Norberto de Araújo chega à Rua da Vinha e fala-nos à porta do seu nº 20:

"Repara [NA dirige-se na sua obra a um interlocutor a que chama Dilecto], nesta espécie de largo, o pórtico da entrada, em arco de cantaria; (…) É uma adega e carvoaria sombria mas típica, antiquíssima, destas que remontam, escondidas e sem aura, ao século XVII, tempo em que seriam estalagens e casa de comidas. (…)

Segundo a tradição oral já recolhida em romances populares, e que certos indícios parecem confirmar, aqui se reuniam os Capotes Pretos do Infante D. Francisco, irmão de D. João V, bando que se travava de brigas nocturnas frequentes com os Capotes Brancos de Sebastião José de Carvalho e Melo, quando este, moço volteiro, não sonhava ainda ascender à diplomacia, que nele precedeu a actividade política de Secretário de Estado. (…)”

Agora pela Rua da Rosa:
“Aqui neste prédio nºs 148-154, está uma velha estalagem de recolha de saloias lavadeiras. (…) Ora segundo a tradição oral, foi aqui a taverna «estalajadeira», por onde nos começos do século XVIII Sebastião José, mais o bando de sequazes de brigas bairristas – nos quais o popular e o fidalgo se misturavam – tinham a sede nocturna dos Capotes Brancos, grupo, ao jeito do tempo, rival dos Capotes Pretos capitaneado pelo truculento Infante D. Francisco, Duque de Beja, senhor de trinta e sete vilas, e de onze alcaidarias, estoura-vergas e cruel, que certa vez para experimentar a sua pontaria alvejou e atirou ao mar um pobre marujo tranquilo na sua faina na verga do navio. (…)”
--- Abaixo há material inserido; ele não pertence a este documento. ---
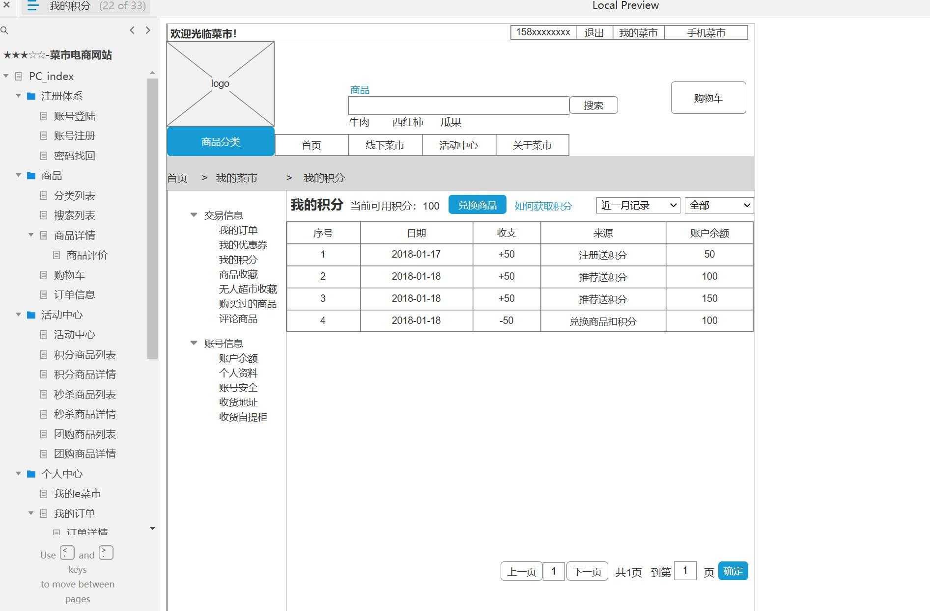PC_index、注册体系、账号登陆、账号注册、密码找回、商品、分类列表、搜索列表、商品详情、商品评价、购物车、订单信息、活动中心、活动中心、积分商品列表、积分商品详情、秒杀商品列表、秒杀商品详情、团购商品列表、团购商品详情、个人中心、我的e菜市、我的订单、订单详情、我的优惠券、我的积分、商品收藏、购买过的商品、评论商品、评论、账户余额、充值、个人资料、修改绑定手机、账号安全、收货地址管理、维护收货地址

Outros tempos dir-me-ão. Que pensar então do bando de arruaceiros mentecaptos que há uns anos atrás, pelas ruas do bairro, perseguiu e matou alguém em prol de uma diferença genética menos que residual?

José Mário Branco cantou os capotes. Aqui está a letra.

2 comentários:

Célia disse...

Gostei do texto apresentado, para descreveres um dos sitios mais frequentados pelos jovens e menos jovens de lisboa.

Podias aproveitar ja que estas na Rua da Rosa e descer ate ao Adamastor, que de certeza deve tambem uma historia interessante com aquela vista magnifica para o Rio Tejo

Adriano Lisboa disse...

Agradeço o teu apoio e sugestão.

Quando encontrar alguma coisa curiosa sobre Santa Catarina e o Adamastor procurarei incluir num próximo texto.